WaSHINGTON, DC – The US primary season launches on Tuesday, setting the stage for midterm elections that could reshape Washington’s balance of power — and determine the trajectory of President Donald Trump’s remaining time in office.
Some of the nation’s largest states — from Texas to North Carolina, Georgia and Illinois — will pick candidates for the US Congress in March’s first round of primaries, offering an early test of how both parties position themselves for Trump’s final two years.
Those candidates will face off in November’s midterms, which will decide whether Trump governs with a cooperative legislature or confronts a Democratic opposition able to block his agenda and open investigations into his administration.
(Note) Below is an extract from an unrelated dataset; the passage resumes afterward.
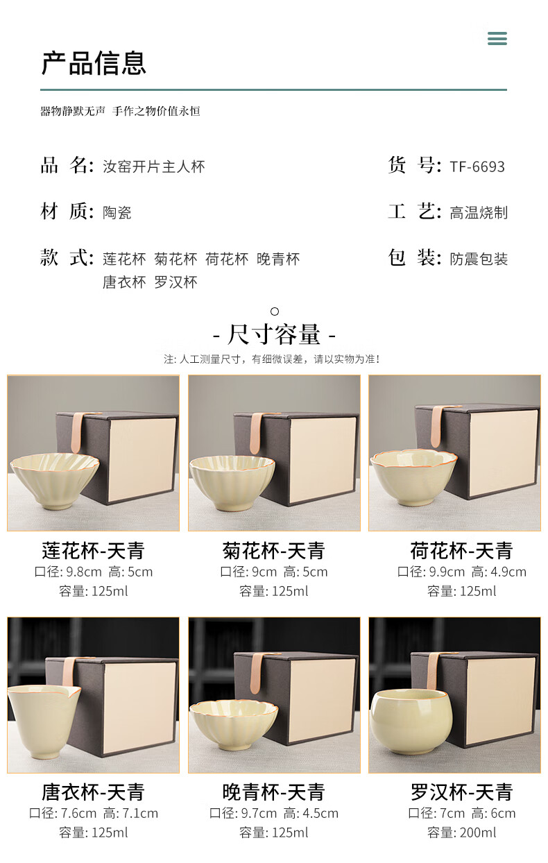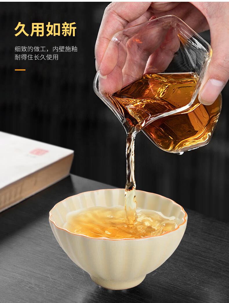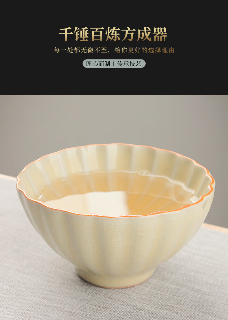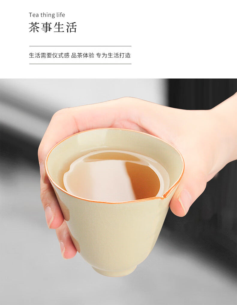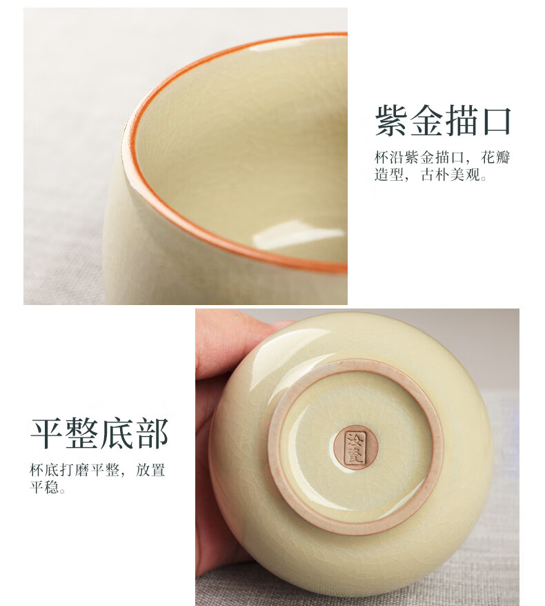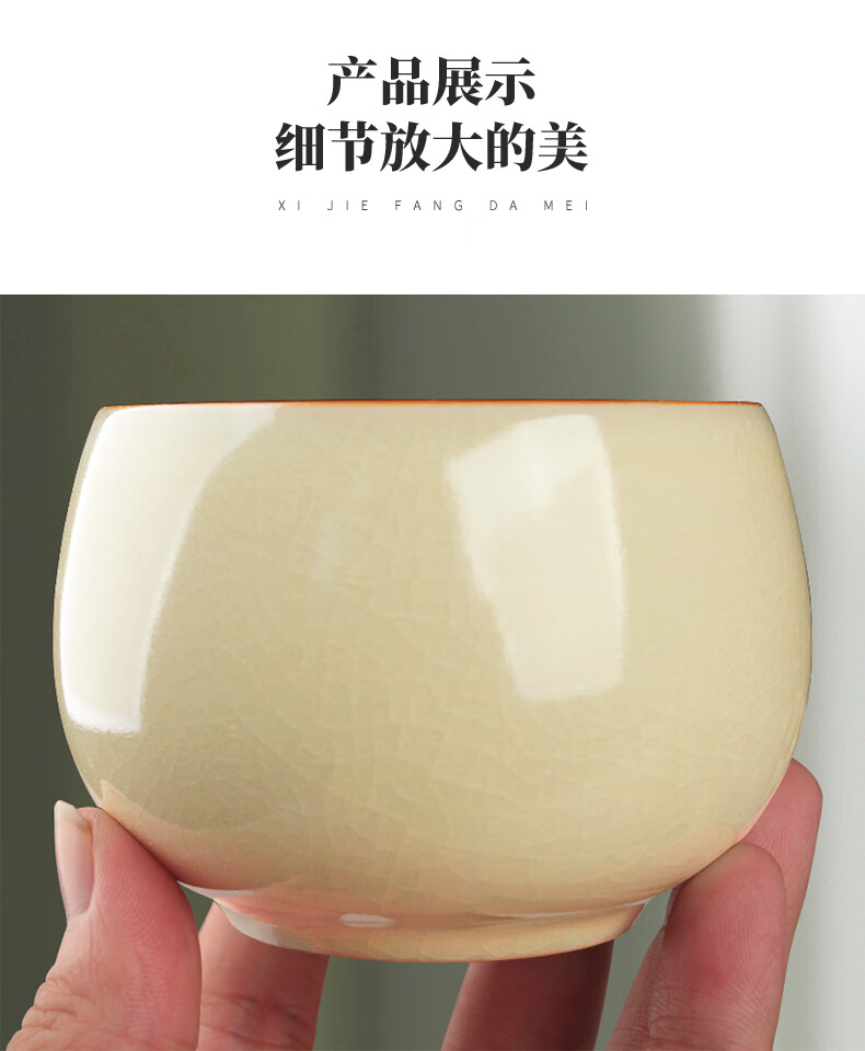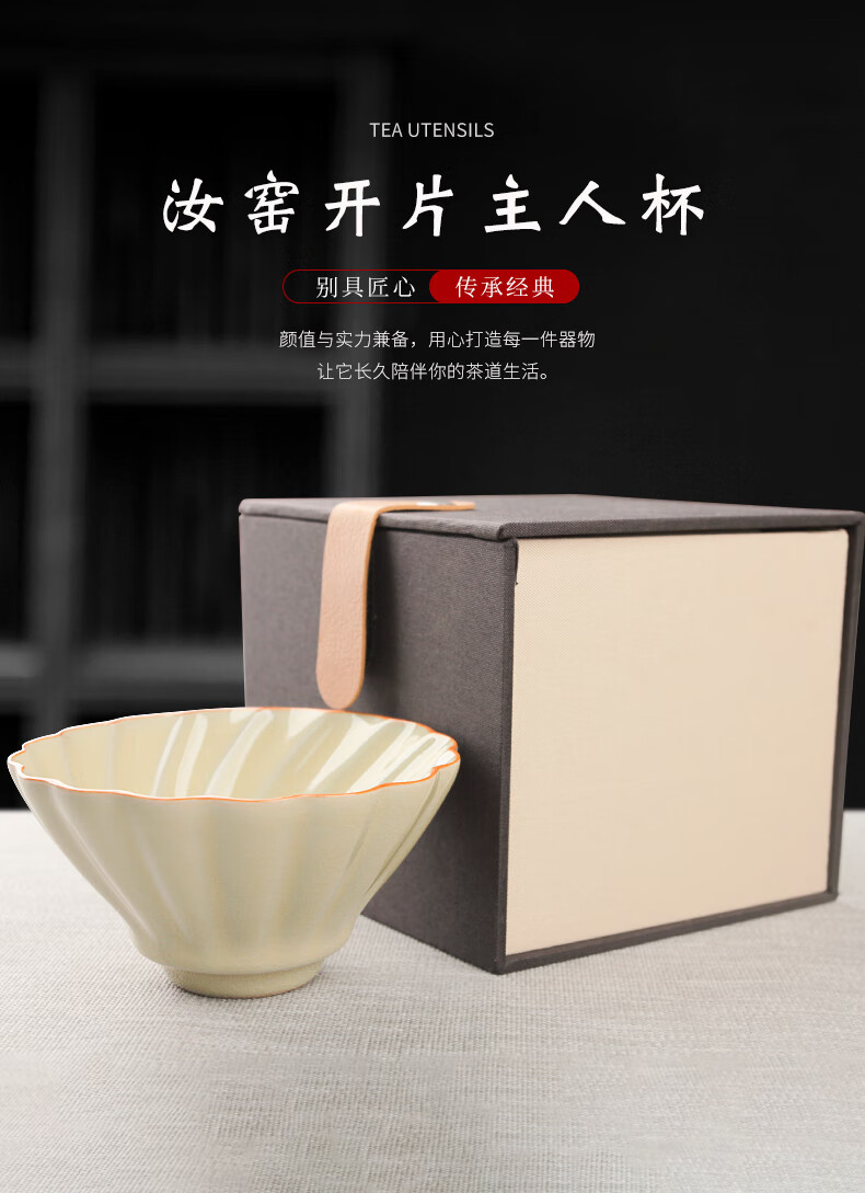 易信花瓣大号茶杯主人杯汝窑开片喝茶杯陶瓷杯单杯锦盒包装茶具配件 汝窑菊花杯-米黄

The primaries will take place in the shadow of the US-Israel war on Iran, although it remains unclear whether the conflict – still in its very early stages – will impact Tuesday’s voting.
For Republicans — defending a 53–47 Senate majority and a razor-thin edge in the House of Representatives — the central concern is avoiding polarizing candidates who electrify the party base but alienate swing voters in November.
“All eyes are on Texas,” said Dan Scandling, of public affairs consultancy APCO, who spent a quarter century on Capitol Hill as chief of staff and communications director for Republican lawmakers.
“Republicans and Democrats both have candidates who many view as extreme and, depending on who comes out on top, could make either party vulnerable come November.”
The entire House and 35 of the 100 seats in the Senate are up for grabs in November, along with 39 state and territorial governorships.
Texas is set to dominate the opening night, with fiercely contested Senate primaries in both parties that have drawn national attention as a preview of broader ideological and strategic fights.
The Republican primary pits four-term Senator John Cornyn against state attorney general Ken Paxton, a hardline Trump ally who has cultivated support — despite multiple ethics controversies — by channeling grassroots anger at Washington.
Congressman Wesley Hunt trails, courting pro-Trump voters uneasy with both men.